Anthropic released a new AI model called Claude Feibel 5 on Sept. 9, 2024 [1].

The launch marks the first time the U.S.-based company has made one of its high-performance models publicly available. This move allows a wider audience to access advanced AI capabilities while testing the company's ability to manage the risks associated with open access.

According to company data, Claude Feibel 5 provides performance equivalent to the Claude Mythos model [2], which remains unreleased. By bridging this gap, Anthropic aims to provide state-of-the-art utility to the general public without sacrificing the stability of its internal research pipeline.

To prevent the misuse of the technology, Anthropic implemented specific security safeguards [1]. The system is designed to identify queries related to cyber attacks, or the creation of biological and chemical weapons. When the model detects such prompts, it routes the query to a weaker model [1].

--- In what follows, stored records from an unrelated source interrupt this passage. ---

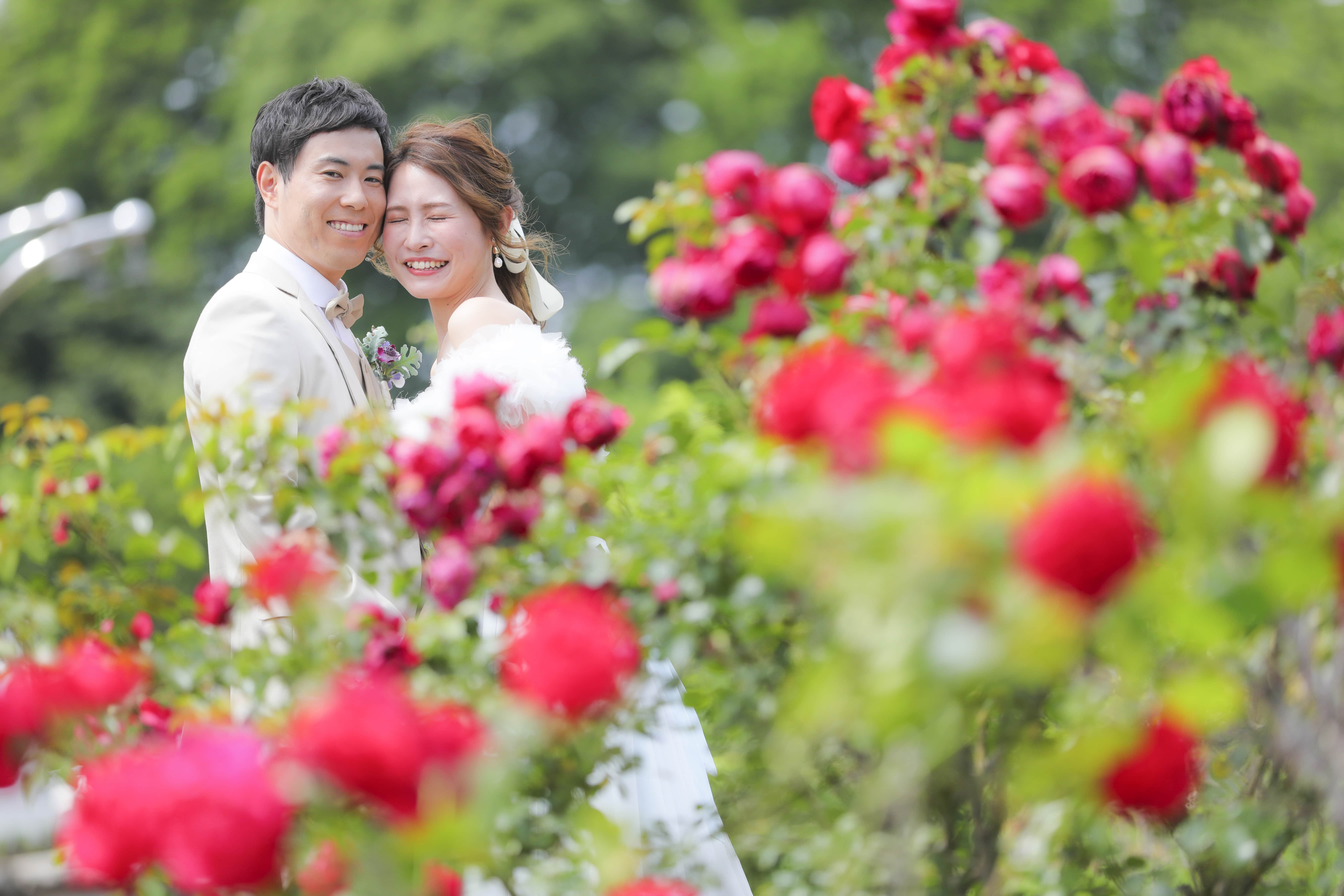 きれいに咲く真っ赤なバラとの撮影。季節に合わせたお花の撮影は毎年人気です!!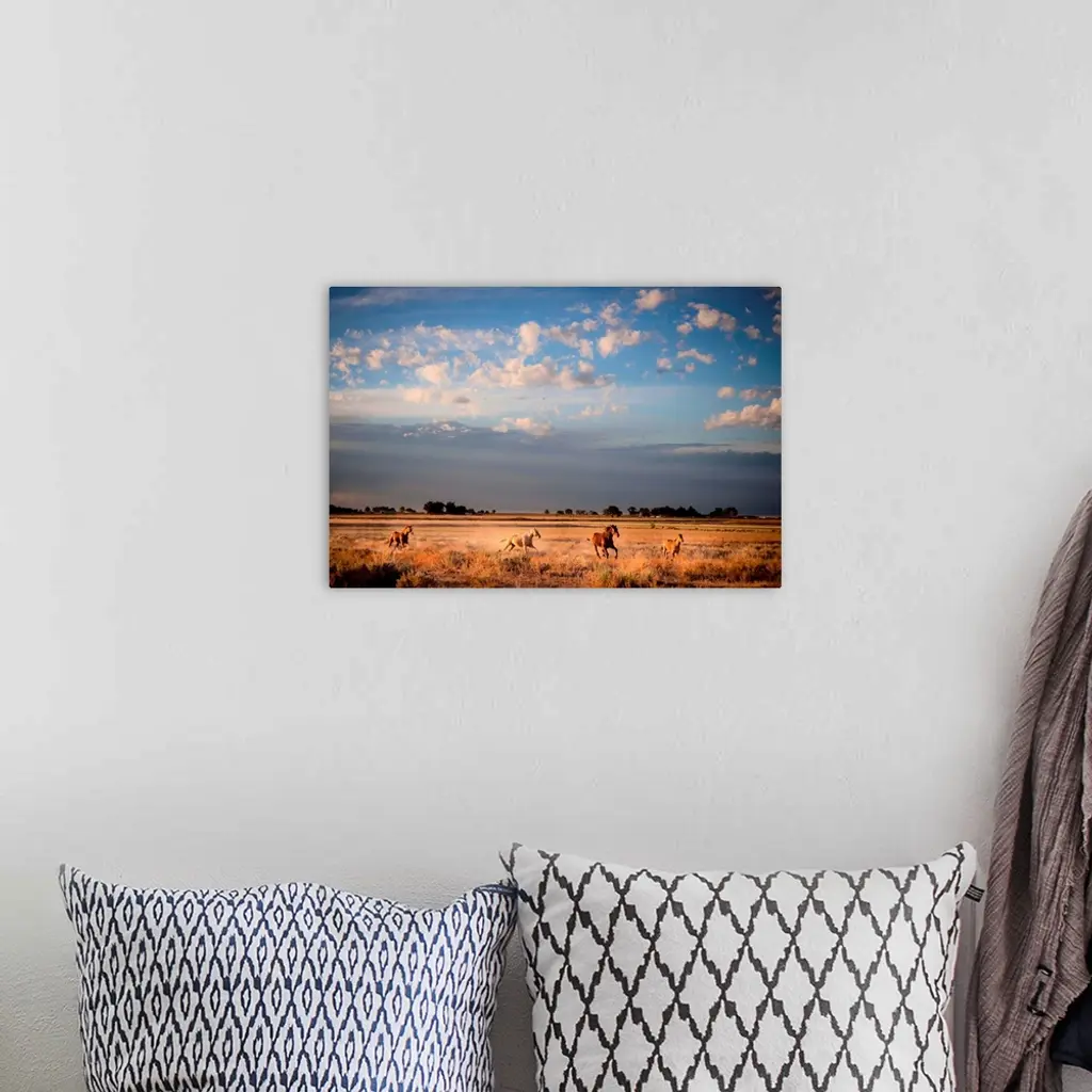 horses running in open landscape
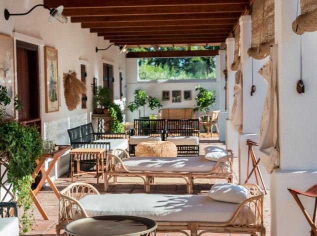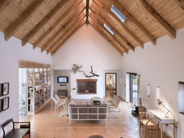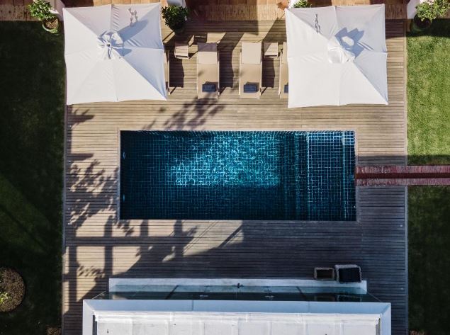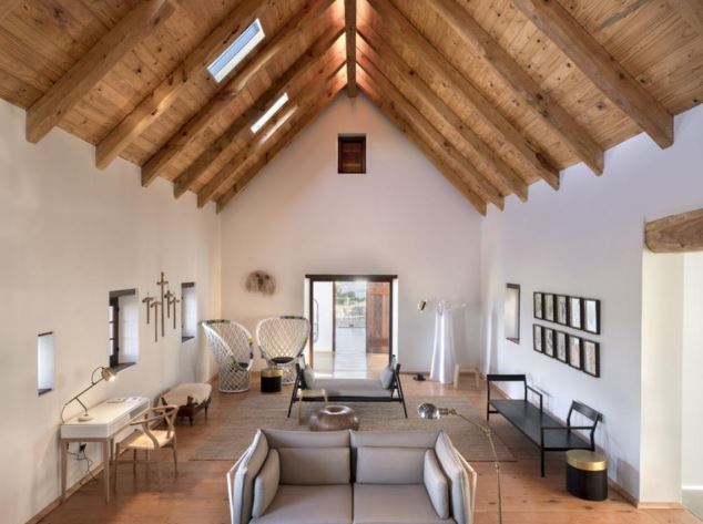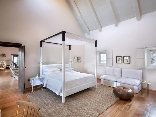 Accommodating up to ten guests, this villa features five individual bedrooms, each equipped with a cozy fireplace and a spacious en-suite bathroom adorned with marble tile floors and luxurious freestanding baths—perfect for unwinding. The expansive lounge opens to a modern glass cube that houses a fully equipped kitchen, seamlessly blending style and functionality. At the heart of the home lies a private central courtyard, designed as a gathering space for friends and family. A crystal-clear pool graces the courtyard, complemented by a shallow channel that mimics the serene streams throughout the property, creating a soothing ambiance with the gentle sound of trickling water.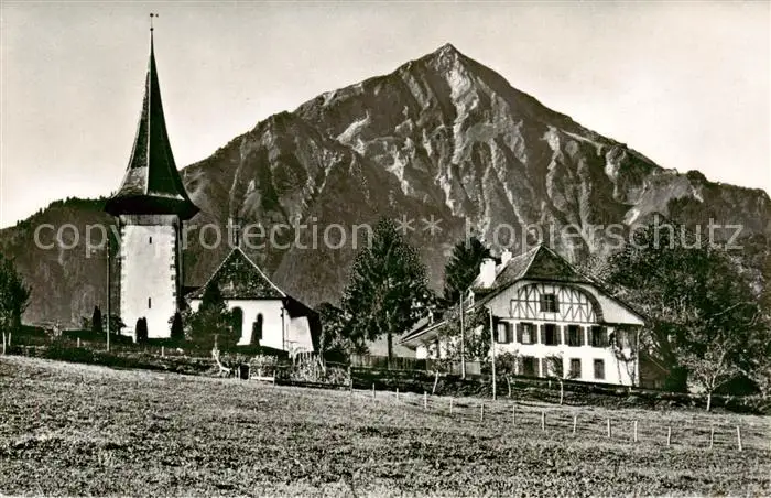 AK / Ansichtskarte Aeschi_BE Kirche Pfarrhaus und Niesen Aeschi_BE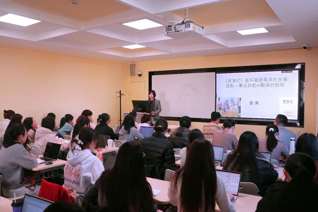 2026年3月11日,由北京外国语大学英语学院主办的“知周讲堂”第一期讲座在英语楼417教室成功举行。英语学院彭萍教授应邀作题为“《西游记》连环画册英译的多维适配——兼谈目前AI翻译的短板”的讲座,吸引了上百名师生到场参加。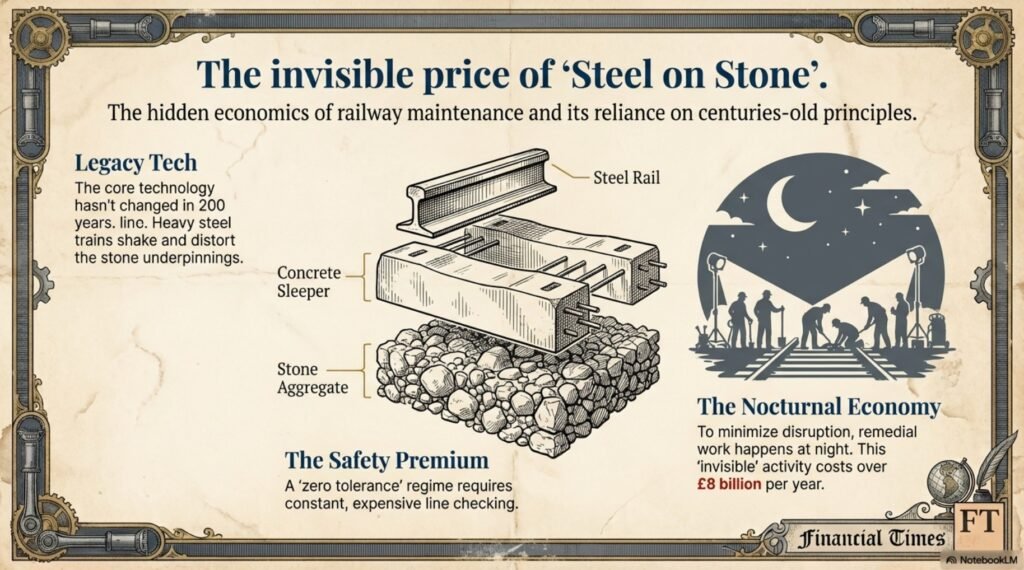Why are the railways so expensive? In part it is because of a legacy technology: steel rail rafted and bedded on large quantities of stone aggregate lie at its heart just as was the case nearly two centuries ago. Several hundred tonnes of rolling stock (staffed by well-paid, if not overpaid, crew) moving rapidly along rails, shake and distort the track’s underpinnings. With a safety regime of zero tolerance, constant line checking leads to constant maintenance. Costly in itself but made more so because, to minimise service disruption, most remedial work is undertaken at weekends or, as neighbouring insomniacs know well, late at night, using labour adequately compensated for the unsocial working hours involved. The travelling public do not as a rule see this nocturnal activity and therefore do not appreciate its extent, nor expense (over £8 billion p.a.).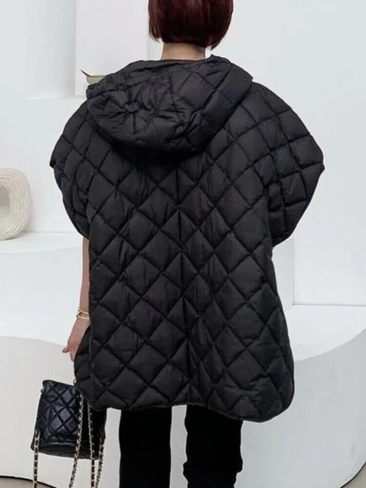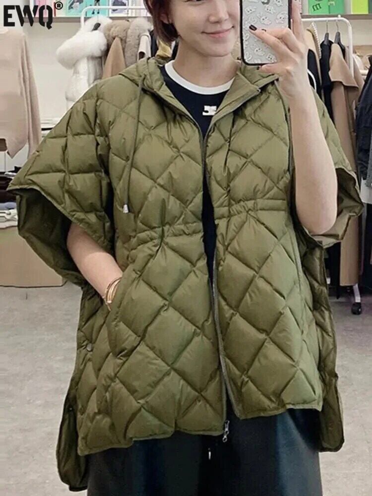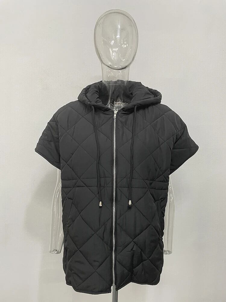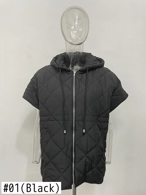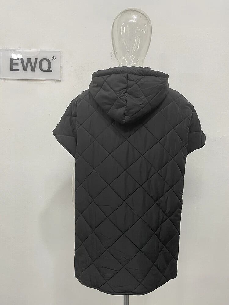 [EWQ] ジッパー ノースリーブ 巾着 チェック柄 エンボス ジャケット ふっくら 厚手 暖かい フード付き 中綿入り ベスト 秋冬 16U5885 コットン オータム 秋物 ウィンター 冬物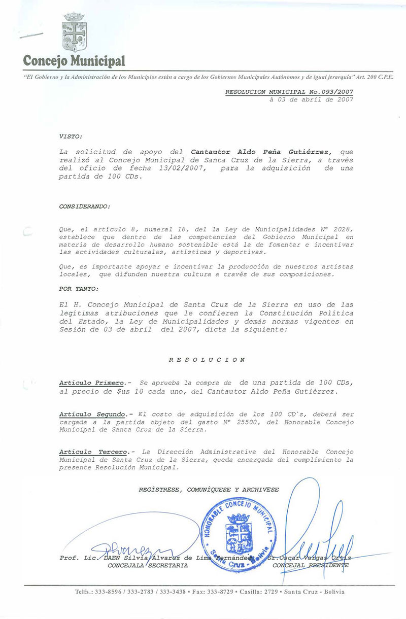 Aprueba la compra de de una partida de 100 CDs, al precio de $us 10 cada uno, del Cantautor Aldo Peña Gutiérrez.
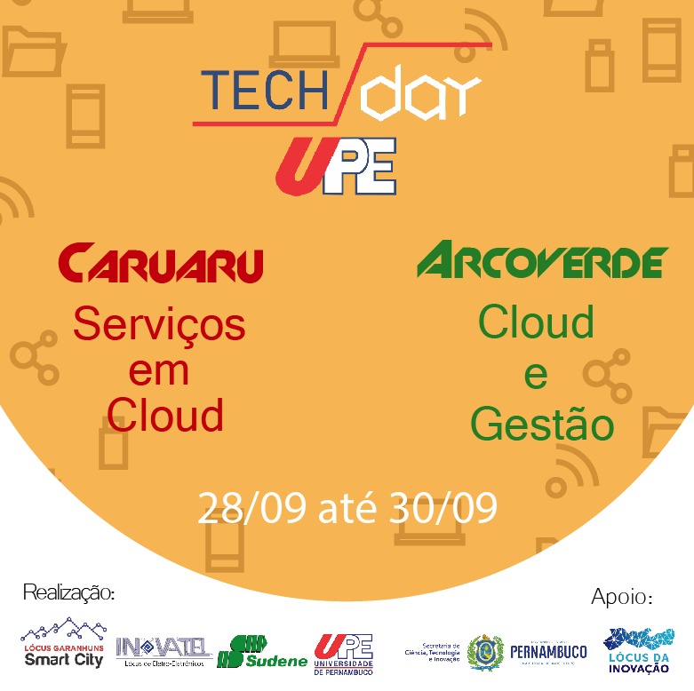 Realizado pela Universidade de Pernambuco nos seus campi Caruaru, Garanhuns e Arcoverde (Lócus Inovatel e Lócus Garanhuns Smart City) e patrocinado pela Superintendência de Desenvolvimento do Nordeste (Sudene), o TechDay UPE acontecerá nos dias 28, 29 e 30 de setembro.
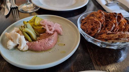 Read moreOur family of 4 visited for a birthday dinner early Saturday evening. Nice, buzzy but cosy French bistro with an unexpectedly generous amount of space for restaurants in Yarraville. A couple of house-mixed soft drinks and a delicious spicy margarita whet our appetites nicely. We typically order to share and were able to do so easily here despite the place serving to the higher price end of the market. A small Cobb Lane baguette was a hit served with whipped butter, and just what was needed to wipe up the citrusy juices of the scallop ceviche served with cornchips on the specials board that night. A pair of grilled QLD tiger prawns were smokey and nicely charred but expensive at $14 per prawn. Also on special was white asparagus which was cooked just on point served with a beurre blanc but the dish lacked needed acidity. The scattering of croutons didn't really add much to the dish. We had the pork chop perfectly cooked sous vide and finished on the pan with a buttery jus. Our other main was more carne, an $70 aged 500g steak served perfectly medium rare on the bone. A tad heavy handed on the salt. An accompanying dressed leaf salad of iceberg lettuce and slivered cucumber cut through the richness. Kids demolished the creme brulee and their scoop of ice cream to finish. Service was attentive and perfectly timed throughout. Overall a great meal although on the pricey side relative to the experience. A local option for us to visit on...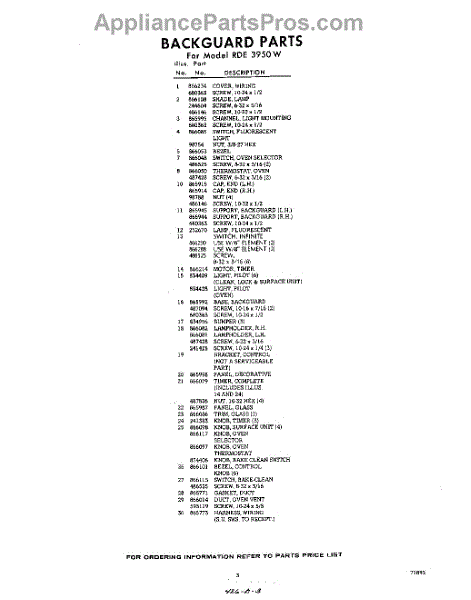 Parts for Whirlpool RDE3950W: 03 - Section Parts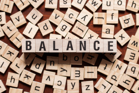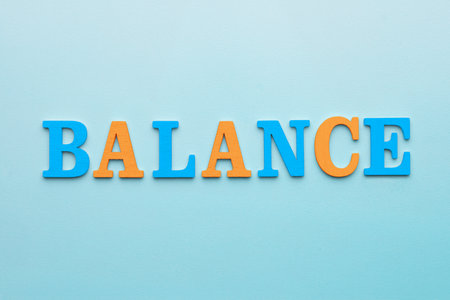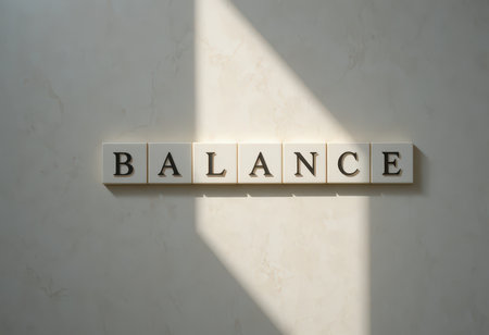 Inspirational quote about balance presented with letter blocks against a soft background. Perfect for wellness and motivational themes in various projects.
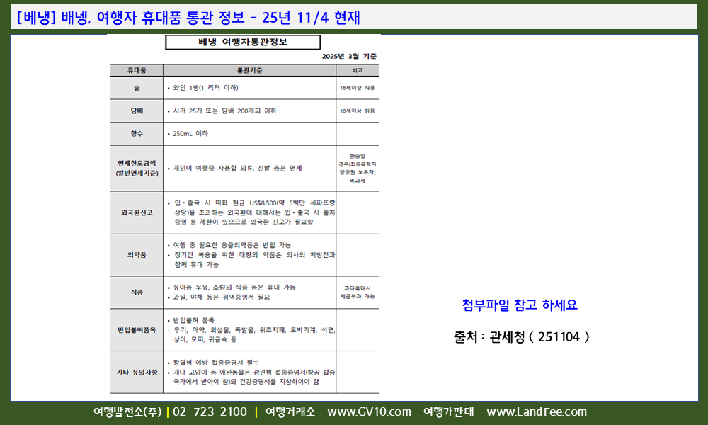 [베냉] 배넹, 여행자 휴대품 통관 정보 - 25년 11/4 현재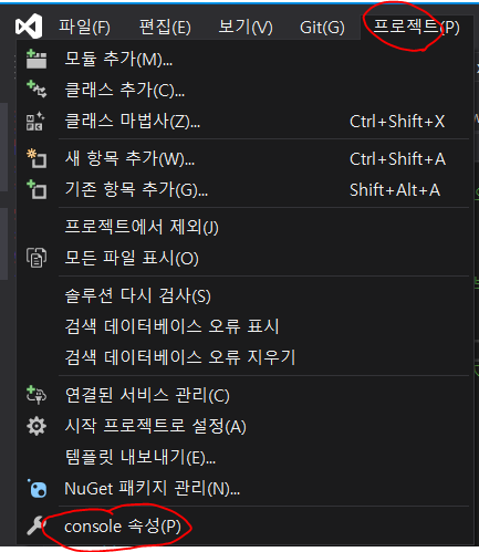 1. 상단 바에서 프로젝트(p) > console 속성에 들어간다.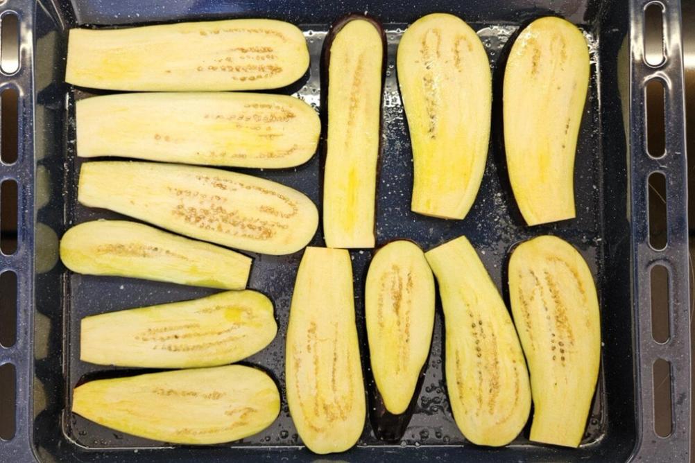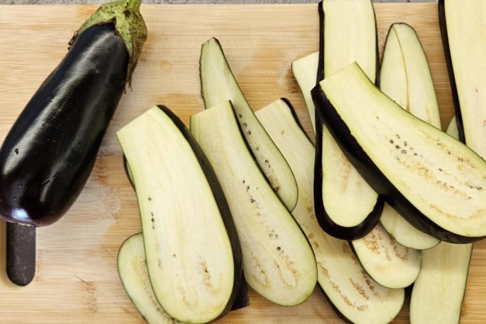 Wash the eggplants and cut them into long strips about one centimeter thick. Sprinkle with salt and let them rest for 10-15 minutes to draw out any bitterness. After that, rinse and pat them dry with a paper towel.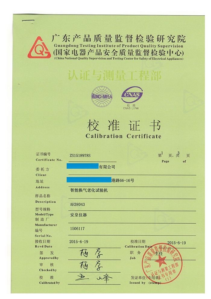 質(zhì)量是用品質(zhì)說話的,我司一批設(shè)備通過“國家電器產(chǎn)品安全質(zhì)量監(jiān)督檢驗中心”計量認(rèn)證

This routing mechanism ensures that the most capable version of the AI cannot be leveraged to generate dangerous instructions. By diverting risky requests to a less capable system, the company seeks to mitigate the potential for large-scale harm while maintaining the model's general utility for benign tasks [1].

Anthropic, headquartered in the San Francisco Bay Area, continues to focus on the balance between model transparency and safety [1]. The deployment of Claude Feibel 5 serves as a test case for how the company handles the tension between public availability and the prevention of catastrophic misuse [2].

Claude Feibel 5 provides performance equivalent to the Claude Mythos model

The release of Claude Feibel 5 demonstrates a shift in Anthropic's strategy toward public accessibility. By implementing a 'divert-to-weaker-model' security architecture, the company is attempting to solve the 'dual-use' dilemma—where a tool is useful for productivity but dangerous in the wrong hands—without resorting to a total blackout of the technology.